As soon as you can, please email me the date of your last exam in May, so I’ll know when to expect you. I’ll get your room ready and promise to give you as much space as possible. Try to see that I love you as much now as ever.
Mom

So this is the battleground, now that she has indeed come home to help. Emma feels like a fool for not having seen it taking shape. That her mother’s unsentimental exit from griefhood should leave behind such tender bitterness in herself. That a stone heart can seem so hatefully selfish, just by being stone. That the old, crippling family wound has been so long in existence that it’s warped her, too, become a kind of addiction, a scavenged oil drum at which, whenever she needs an enemy, she might warm her frozen hands over the flame of her mother’s anguish.

• • •

By a quarter to eight they’re in the car—her mother’s Volvo, a newer version of the wagon she drove home from college—heading to the first job. Emma cracks the window, letting the morning’s spring coolness into the car, testing its firmness and clarity, despite the unsparing light that’s like looking through a pane of frosted glass. A hard breath taken into the lungs: washing out the unsaid things that seem to clot any room, even this moving one, in which they find themselves together.

“Polly Jamison can be difficult,” her mother remarks.

Emma studies her, there behind the wheel. An attractive woman—this she can appreciate on the surface. Hair still blond, bones still elegant. A gardener’s roughened hands, with a narrow circumference of paler, faintly indented flesh on the left ring finger, where for twenty-one years her wedding band used to be. Wearing today a slate-colored fleece top, fitted dark twill pants, and green rubber gardener’s clogs. She could be forty or even less, except for those hands and the burls of pain lines at the corners of her eyes.

“Unfortunately, I’m going to have to leave you there and get over to the Foleys’,” her mother says. “Their son’s getting married behind their house in two weeks and they’re beside themselves.”

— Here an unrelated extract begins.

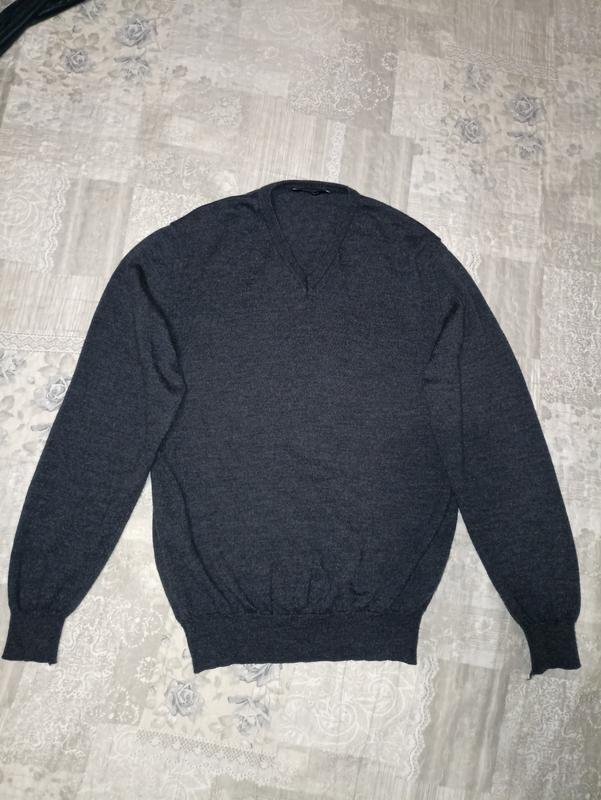 джемпер Sevensigns из 100% мериносовой шерсти, серый, мериносовая шерсть особенная, так как обладает рядом уникальных свойств: влагоотводитель: может впитывать и выделять влагу, сохраняя сухость и комфорт; устойчивость к запахам: не стоит запахи, как другие ткани; терморегуляция: может согревать в холод и охладить в жару; гипоаллергенность: с меньшей вероятностью вызывает раздражение кожи или аллергию. размер M, плечи 45см, грудь 53см, длина 67см, длина рукава 66см в состоянии нового, без признаков использования
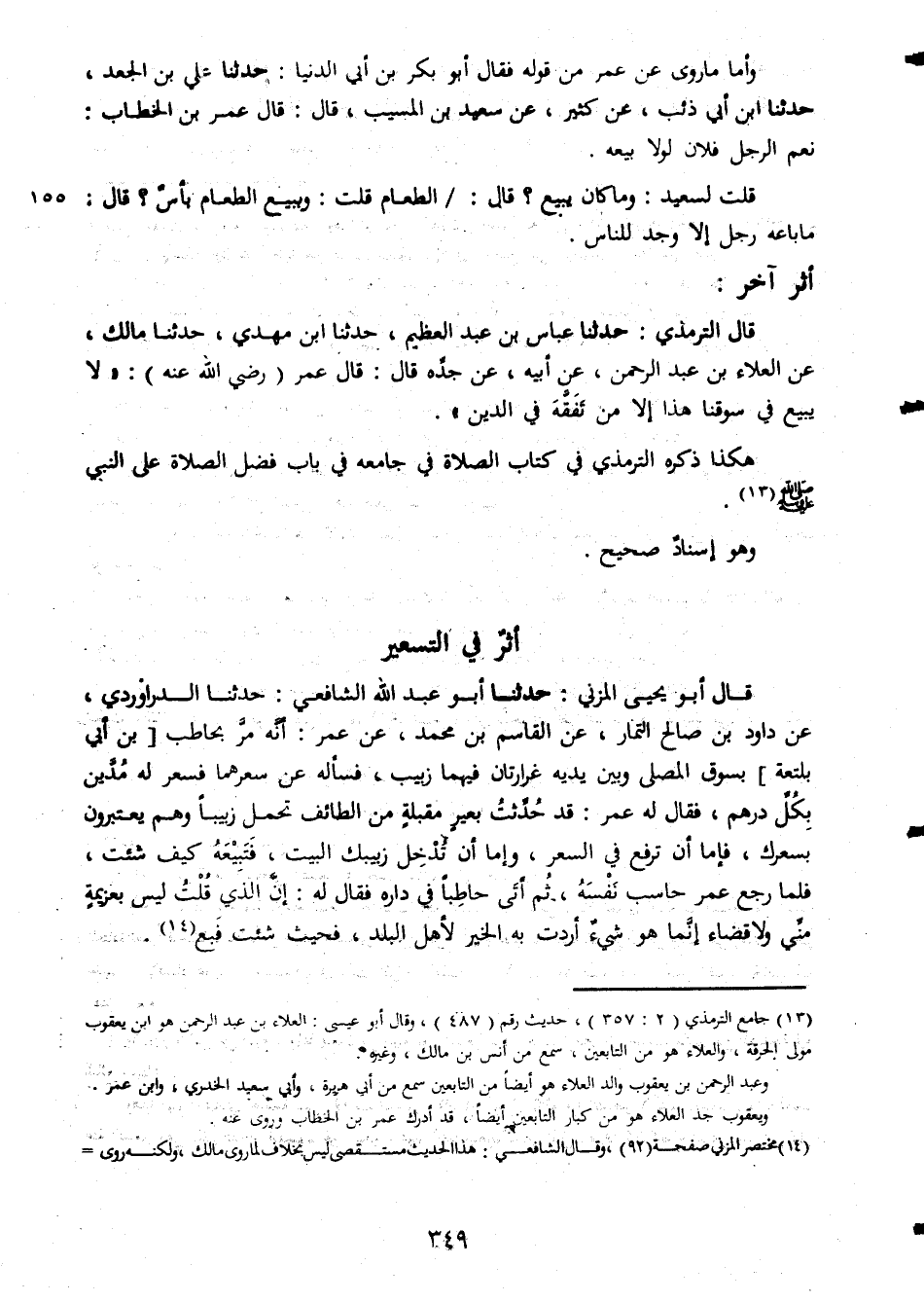 واما ماروى عن عمر من قوله فقال ابو بكر بن ابى الدنيا حدثنا على بن الجعد حدثنا ابن ابى ذئب عن كثير عن سعيد بن المسيب قال قال عمر بن الخطاب نعم الرجل فلان لولا بيعه قلت لسعيد وما كان يبيع قال الطعام قلت ويبيع الطعام بأس قال ما باعه رجل الا وجد للناس اثر آخر قال الترمذى حدثنا عباس بن عبد العظيم حدثنا ابن مهدى حدثنا مالك عن العلاء بن عبد الرحمن عن ابيه عن جده قال قال عمر رضى الله عنه لا يبيع فى سوقنا هذا الا من تفقه فى الدين هكذا ذكره الترمذى فى كتاب الصلاة فى جامعة فى باب فضل الصلاة على النبى صلى الله عليه وسلم وهو اسناد صحيح اثر فى التسعير قال ابو يحيى المزنى حدثنا ابو عبد الله الشافعى حدثنا الدراوردى عن داود بن صالح التمار عن القاسم بن محمد عن عمر انه مر بخاطب بن ابى بلتعة بسوق المصلى وبين يديه غرارتان فيهما زبيب فسأله عن سعرهما فسعر له مدين بكل درهم فقال له عمر قد حدثت بعير مقبلة من الطائف تحمل زبيبا وهو يعتبرون بسعرك فإما ان ترفع فى السعر واما ان تدخل زبيبك البيت فتبيعه كيف شئت فلما رجع عمر حاسب نفسه ثم اتى حاطبا فى داره فقال له انالذى قلت ليس بعزيمة منى ولا قضاء انما هو شىء اردت به الخير لأهل البلد فحيث شئت فبع

Emma looks out her window: they are entering Bow Mills.

“I’m not qualified to work on my own. Nobody hired me.”

“You’ll do fine. The work isn’t complicated. Hector and his crew will be laying the bluestone. Just keep an eye on them, mulch around the trees, do the regular upkeep on the flower beds. Nothing fancy. The snowdrops and the Glenn Dale azaleas need special attention. If Mrs. Jamison starts complaining about the Carpinus, just tell her to give me a call on my cell.”

“Carpinus?”

“The hornbeams. She wants to have them severely cut back so they look what she calls French. But it’s not French, it’s just ugly, and I won’t do it.”

Emma watches the small green road signs go by. The names entering her without meaning, though they are not unfamiliar: Larch Road. The Wheldons live there, she remembers, or used to, she doesn’t know anymore.… And now the memory comes back, sitting in the backseat of the old car with her dog Sallie as her father drives her to Mrs. Wheldon’s house for a piano lesson. A fall morning, because of the colors. In the months after Josh. She is small again, and young, and the notes she misplays that day at Mrs. Wheldon’s come back, too. And Mrs. Wheldon herself, touching her shoulder with perhaps extra care. And Sam … Now Emma is older, they all are; it happens so quickly and so slowly. Sallie, too, is dead. It’s that night in Falls Village with Sam again, and she is with him again, he’s inside her and they never have to say a word, not to each other.… And now she sees plainly how easy it is to despise oneself, how the mind moves without regret or conscience, its own animal, from death and loss to the color of leaves to the sound of broken music to the feel of a boy’s skin, as if all of it were equal.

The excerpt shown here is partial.